= Task =
Your copy should start at the line with "iPhone15 有機EL故" and end at the line with "IHC检测KCNG3蛋白(货号 GB113778). 样品: 大鼠脑, 4%多聚甲醛" in the data below. Transcribe only those lines, exactly, pictures excluded.

= Data for analysis =
◆ ◆ ◆ ◆

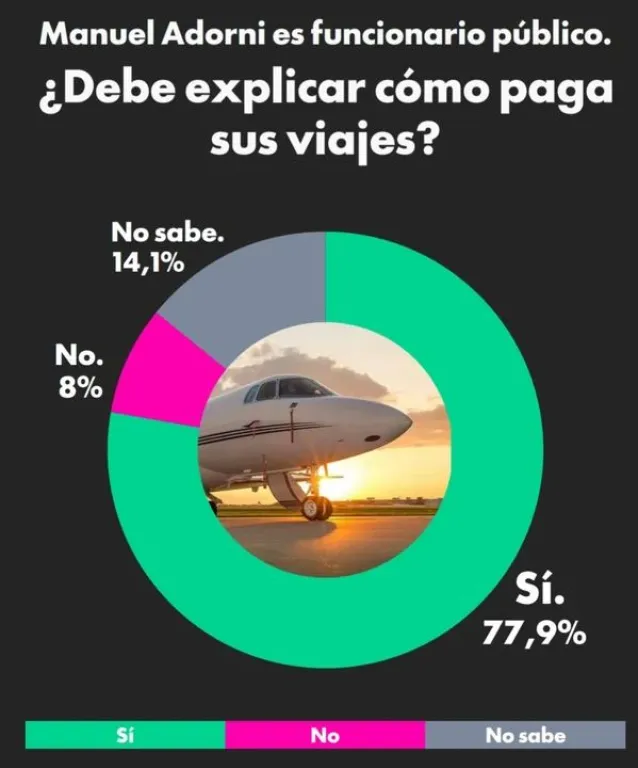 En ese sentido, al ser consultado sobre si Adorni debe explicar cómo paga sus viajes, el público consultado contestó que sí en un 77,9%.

◆ ◆ ◆ ◆

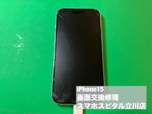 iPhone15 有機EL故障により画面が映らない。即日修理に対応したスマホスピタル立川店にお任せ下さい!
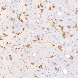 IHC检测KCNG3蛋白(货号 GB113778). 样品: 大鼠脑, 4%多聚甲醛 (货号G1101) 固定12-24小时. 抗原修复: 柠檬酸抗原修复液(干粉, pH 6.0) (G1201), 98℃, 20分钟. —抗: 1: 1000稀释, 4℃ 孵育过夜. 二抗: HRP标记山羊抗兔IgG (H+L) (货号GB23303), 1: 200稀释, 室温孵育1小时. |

◆ ◆ ◆ ◆

= Result of this task =
 iPhone15 有機EL故障により画面が映らない。即日修理に対応したスマホスピタル立川店にお任せ下さい!
 IHC检测KCNG3蛋白(货号 GB113778). 样品: 大鼠脑, 4%多聚甲醛 (货号G1101) 固定12-24小时. 抗原修复: 柠檬酸抗原修复液(干粉, pH 6.0) (G1201), 98℃, 20分钟. —抗: 1: 1000稀释, 4℃ 孵育过夜. 二抗: HRP标记山羊抗兔IgG (H+L) (货号GB23303), 1: 200稀释, 室温孵育1小时. |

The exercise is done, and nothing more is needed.